Let $\pi(x)$ be the number of primes not exceeding $x$ and $Li(x) = $. Define $Li(x)=\lim_{\epsilon \rightarrow 0^{+}}\Big(\int_{0}^{1-\epsilon} + \int_{1+\epsilon}^{x}\Big) \frac{dt}{\log t} \mathrm{d}t$. Consider the prime zeta function
$$\sum_{p} p^{-s} = \sum_{m=1}^{\infty} \frac{\mu(m)}{m}\log \zeta(ms)$$ for $\Re(s)=\sigma>1$, where $\mu$ and $\zeta$ denote the Mobius and Riemann zeta functions, respectively.
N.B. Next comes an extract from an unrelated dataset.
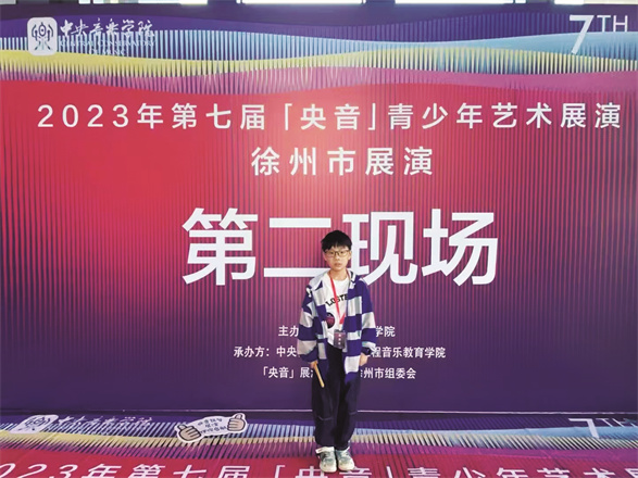 所获奖项:2021年第十七届华人青少年艺术节金奖、宿州市“诵读中国”经典诵读大赛三等奖;2022年、2023年江苏省第四、五届打击乐大赛一等奖、安徽省少儿书画大赛儿童组优秀奖;2023年砀山县优秀少先队员、“红领巾奖章”个人三星章、第七届央音青少年艺术展徐州市级小学组金奖等奖项。

Applying partial summation to the left-hand side sum over primes $p$ together with the identity $\int_{1}^{\infty} s Li(x)x^{-s-1} \mathrm{d}x=-\log(s-1)$ for $\sigma>1$ yields
$$s\int_{1}^{\infty} (\pi(x)-Li(x))x^{-s-1} \mathrm{d}x-\log((s-1)\zeta(s))=\sum_{m=2}^{\infty} \frac{\mu(m)}{m}\log \zeta(ms)$$ for $\sigma>1$.
The integral on the left-hand side shall be referred to as $F (s)$ forthwith. Denote by $\Theta$ the supremum of the real parts of the zeros of $\zeta$, and suppose $\Theta>1/2$.
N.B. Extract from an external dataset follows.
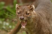 Fossas communicate using sounds, scents, and visual signals. Vocalizations include purring, a threatening call,[4] and a call of fear, consisting of "repeated loud, coarse inhalations and gasps of breath". A long, high yelp may function to attract other fossas. Females mew during mating and males produce a sigh when they have found a female. Throughout the year, animals produce long-lasting scent marks on rocks, trees, and the ground using glands in the anal region and on the chest. They also communicate using face and body expression, but the significance of these signals is uncertain. The animal is aggressive only during mating, and males in particular fight boldly. After a short fight, the loser flees and is followed by the winner for a short distance.[4]In captivity, fossas are usually not aggressive and sometimes even allow themselves to be stroked by a zookeeper, but adult males in particular may try to bite.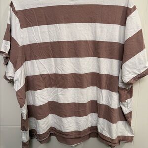 Stylish striped tee. The stripes are more of a mauve color. Comfortable fit. Perfect for casual outings.

We know that $|π(x) − Li(x)| \ll x ^{\Theta} \log x$ and $\Theta$ is the abscissa of convergence of $F (s)$ (Theorems 1.3 and 15.2 of Montgomery-Vaughan). Thus the domain of the above equation (hereafter referred to as $(1)$) extends by analytic continuation to the half-plane $H = \lbrace s : σ > Θ \rbrace,$ thus both sides of $(1)$ must exhibit similar behavior in the neighborhood of $s=\Theta$. This fact shall be crucial for the rest of the argument.
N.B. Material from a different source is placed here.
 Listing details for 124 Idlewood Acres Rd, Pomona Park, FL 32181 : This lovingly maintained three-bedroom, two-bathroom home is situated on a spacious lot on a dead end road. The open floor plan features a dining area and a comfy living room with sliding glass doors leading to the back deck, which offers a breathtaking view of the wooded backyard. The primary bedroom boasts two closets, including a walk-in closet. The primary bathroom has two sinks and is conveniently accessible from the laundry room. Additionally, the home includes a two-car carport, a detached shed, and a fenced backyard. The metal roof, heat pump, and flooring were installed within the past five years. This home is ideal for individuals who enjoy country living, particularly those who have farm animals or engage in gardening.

Since $|\mu(m)\log \zeta(ms)| \ll 2^{-m\sigma}$ for all $m\geq 2$ and $\sigma>1/2$, letting $s\rightarrow \Theta^+$ results in the right-hand side of $(1)$ being convergent hence the corresponding left-hand side must also be convergent at $s=\Theta$. Hence the domain of $(1)$ on the real axis must include all $s\geq \Theta$. Thus both sides of $(1)$ must behave similarly as $s\rightarrow (\Theta-\epsilon)^+$ where $\epsilon$ is an arbitrarily small ositive number. Because $(s-1)\zeta(s)\neq 0$ for all real $s>0$ and the right-hand side of $(1)$ is absolutely convergent whenever $\sigma>1/2$, letting $s\rightarrow (\Theta-\epsilon)^+$ where $\epsilon$ is an arbitrarily small positive number, reveals that $F(\Theta-\epsilon)$ must be convergent. But this is a contradiction, since the abscissa of convergence of $F(s)$ is $\Theta$, as noted earlier. Thus we conclude that our supposition must be false and the Riemann hypothesis follows.
Notice that the right-hand side of the above equation converges whenever $σ > 1/2$ since $|μ(m) \log ζ(ms)| \ll 2^{ −mσ}$ for all $m ≥ 2$ and $σ > 1/2.$ Thus we arrive at $Θ ≤ 1/2$, which proves the Riemann hypothesis ?